JSON ENCODER/DECODER

RPG Maker VX Ace

Easily decode JSON into Ruby objects and vica versa.

JSON Encoder/Decoder
Authors: game_guy
Version: 1.1
Type: Script Utility


Introduction

JSON (JavaScript Object Notation) is a lightweight data-interchange format. It is easy for humans to read and write. It is easy for machines to parse and generate.

This is a simple JSON Parser or Decoder. It'll take JSON thats been formatted into a string and decode it into the proper object. You can also encode certain Ruby objects into JSON.

This is a scripter's utility and isn't meant to add any new functionality or prove usefulness to non-scripters.

Features

  • Decodes JSON format into ruby strings, arrays, hashes, integers, booleans.
  • Encodes Ruby objects into JSON format.


Screenshots

N/A

Demo

No demo.

Instructions

Its recommended to place this script at the top, then it can be used in any script below it.

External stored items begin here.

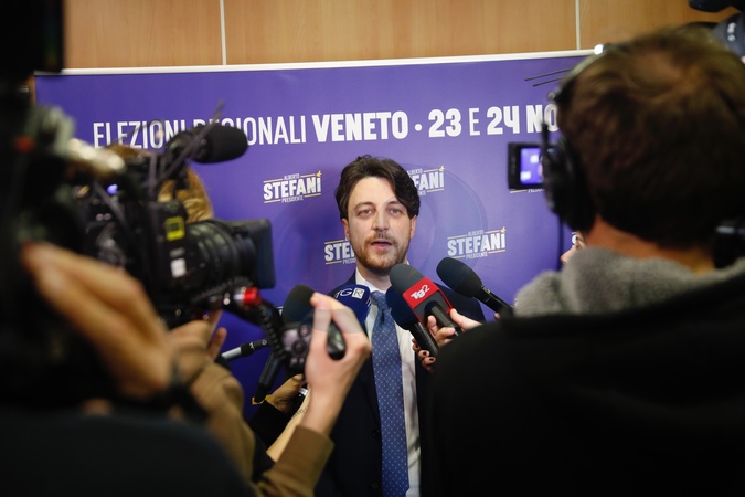 November 24, 2025 Padua, the center-right candidate wins the regional elections in Veneto. Pictured is newly elected Alberto Stefani., Credit:Mirco Toniolo/AGF / Avalon
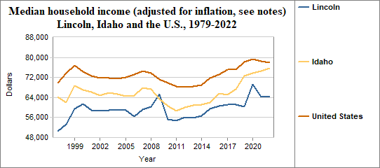 Median household income is the level of income at which half the population has lower incomes and half has higher incomes. Here, we provide information on real median household income, which means the data have been adjusted for inflation. In Lincoln median household income (adjusted for inflation) . . .
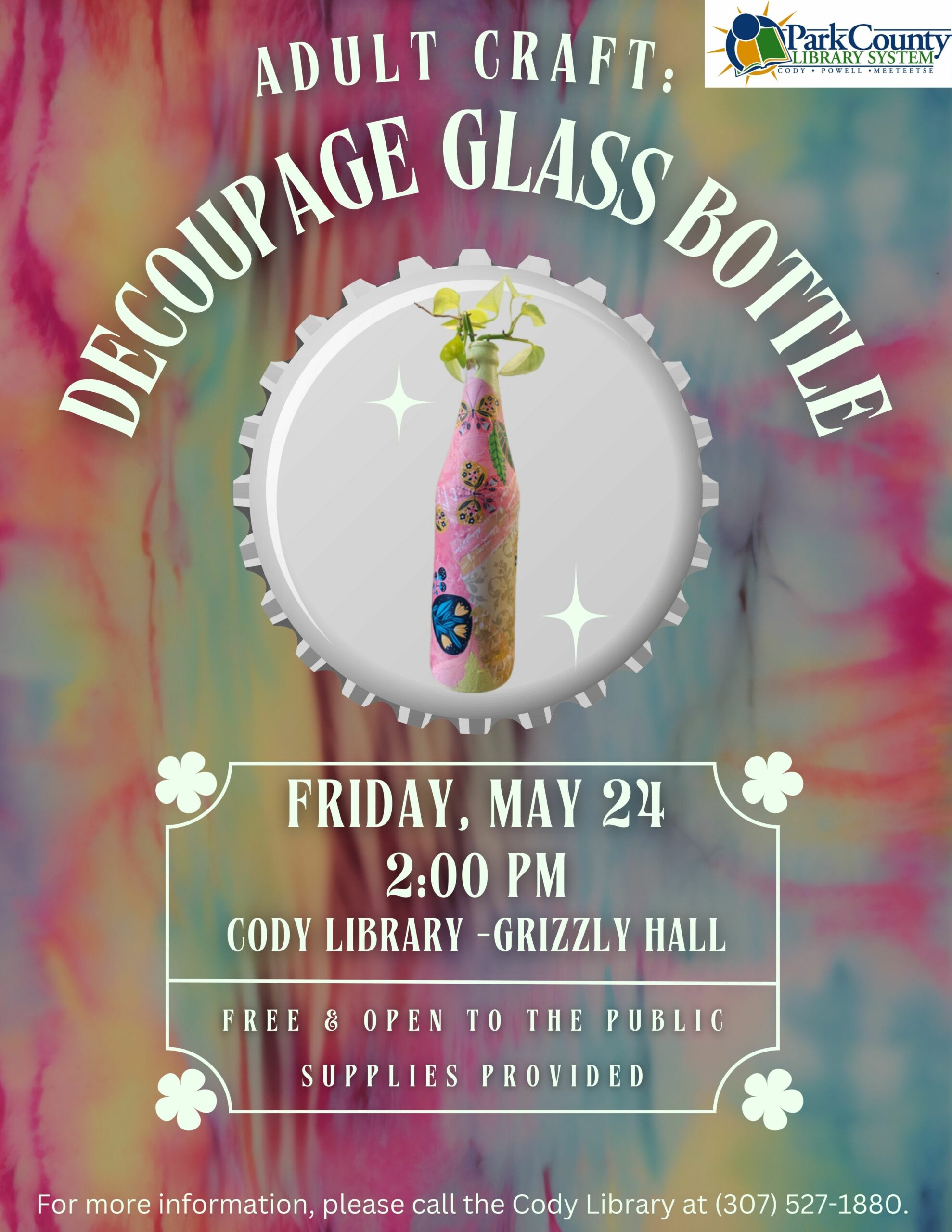 Home Decoupage Glass Bottles Organizer Park County Public Library | Cody Phone 307-527-1880 Email [email protected] Website https://parkcountylibrary.org Location Cody Library Park County Library | 1500 Heart Mountain Street Website https://parkcountylibrary.org/ Category Educational, Workshops, Classes Date May 24 2024 Expired! Time 2:00 pm Decoupage Glass Bottles Adult craft project! No sign-up is required, and all supplies are provided. Simply join us in Grizzly Hall! Cody Calendar advertisers make this calendar possible. + Add to Google Calendar + iCal / Outlook export The event is finished.

To call the parsing method, use
JSON Decode Example
JSON.decode(json)
Returns any of the following depending on "json":
-Integer
-String
-Boolean
-Hash
-Array
-Nil


Example:
json = '{"result":true,"profile":{"id":23,"display_name":"game_guy","group":{"id":"1","name":"Administrator","color":"#FF0000"}},"array":[0,1,2,3]}'
data = JSON.decode(json)


Output
data = {'result' => true, 'profile' => {'id' => 23, 'display_name' => 'game_guy', 'group' => {'id' => 1, 'name' => 'Administrator', 'color' => '#FF0000'}}, 'array' => [0, 1, 2, 3]}

As you can see, it supports multi-level hashes and the method returned a hash object since the string started with a "{". The first character is what defines what object its going to return.

JSON Encode Example
This can encode the following Ruby objects into JSON format.
Integer
Boolean
String
Hash
Array
Nil

Here's your input.
data = {'result' => true, 'profile' => {'id' => 23, 'display_name' => 'game_guy', 'group' => {'id' => 1, 'name' => 'Administrator', 'color' => '#FF0000'}}, 'array' => [0, 1, 2, 3]}
json = JSON.encode(data)


Output
'{"result":true,"profile":{"id":23,"display_name":"game_guy","group":{"id":"1","name":"Administrator","color":"#FF0000"}},"array":[0,1,2,3]}'


Compatibility

Should work with anything.

Credits and Thanks

  • game_guy ~ For creating it.


Author's Notes

Enjoy! :) You guys are lucky that VX Ace uses Ruby 1.9, or else this script wouldn't have been released. With the example code I posted, it takes a few seconds for Ruby 1.8 to parse it all.

Posts

Pages: 1
Hmm...I've been taught JSON before, but never got around it as to when to use it. What ideal situation would this be better to use than simply writing your own formatted string algorithms for reading data between compilers.
author=korodo
Hmm...I've been taught JSON before, but never got around it as to when to use it. What ideal situation would this be better to use than simply writing your own formatted string algorithms for reading data between compilers.


I actually wrote this for a friend's game. I have a special DLL I created in C and it gets called within the game. What this does is grabs user data from the forum in JSON format and this script will parse it. I can't think of any other actual situations as to why this would be useful, but thats why its a scripters tool, thats for other people who might need this to decide.
author=korodo
Hmm...I've been taught JSON before, but never got around it as to when to use it. What ideal situation would this be better to use than simply writing your own formatted string algorithms for reading data between compilers.


You use JSON because it is a standard, and well, standards are standard. This means that when someone else has to use or extend your code, they can say "hey look, this will take a JSON formatted string" or "hey look, this outputs a JSON formatted string" and they know how to interact with it without having to learn your obscure custom methods.
This is not a proper JSON parser. The JSON spec allows for whitespace and end of lines and this parser will fail on both of those. To fix this so you don't need to strip them out before calling this add the following line:
return next_token if char.ord <= 32 and char.ord != 0


To the next_token method after the @index += 1 so it looks like this:
def self.next_token(debug = 0)
    char = @json[@index, 1]
    @index += 1
    # Don't try to tokenize this character if it isn't a character
    # (captures EOL (10) and whitespace (32))
    return next_token if char.ord <= 32 and char.ord != 0
    case char
    when '0', '1', '2', '3', '4', '5', '6', '7', '8', '9', '-' 
      return TOKEN_NUMBER
    ...

With this it can parse JSON strings that have whitespace and EOLs in them without issue.